Black locust, also known as false acacia, is a deciduous tree in the family Fabaceae. Originally native only to a small area of the United States, black locust has been introduced and naturalized throughout temperate North America, as well as parts of Europe and Asia. This medium-sized tree typically reaches 80 feet (24 meters) in height. The black locust is typically upright and narrow in form with gray to reddish-black, deeply furrowed bark. The leaves of the black locust are pinnately compound and alternately arranged, with each leaf having thirteen egg-shaped leaflets. The flowers of the black locust emerge in early to mid-spring in large drooping groups of white flowers with yellow centers. They resemble the imperfect shape typical of legume flowers, are very fragrant, and produce large quantities of nectar. Black locusts produce fruits that ripen in autumn in brown pea-like pods. The black locust also features short pairs of prickles along the trunk. The black locust has the ability to form nodules on its roots, allowing it to form symbiotic relationships with nitrogen-fixing bacteria.

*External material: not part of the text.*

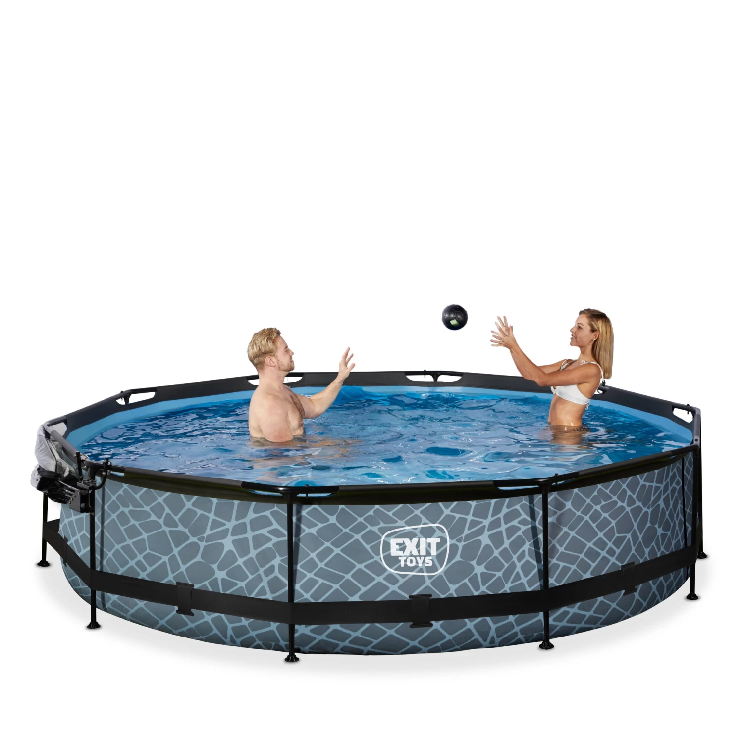 Het EXIT Stone zwembad ø360x76cm is een groot rond grijskleurig frame zwembad met overkapping. Het zwembad is standaard voorzien van een filterpomp en valt op tussen andere zwembaden door zijn stoere steenpatroon. Ben je op zoek naar een leuk en tegelijkertijd uniek en hoogwaardig frame zwembad in je tuin? Steel de show met de ronde zwembaden van EXIT Toys!

This species is intolerant of shade but is otherwise extremely tough. Thickets of black locust can often be found pioneering the edges of roads and disturbed areas. The tree proliferates easily by spreading through underground suckers and producing a large quantity of seeds each season. Its ability to “fix nitrogen” allows it to colonize areas that lack nutrients. These attributes contribute to black locusts being generally considered “weedy” or even invasive in some areas. The black locust is an important source of nectar and pollen and hosts many insects, squirrels, and birds.

Due to its tough nature, black locust is often planted for erosion control and harvested for durable wood. The large quantities of nectar produced are considered to make high-quality honey. The species is also widely cultivated, more so in Europe than in North America. Several cultivars are available, which are selected for thornless and more regular-shaped specimens.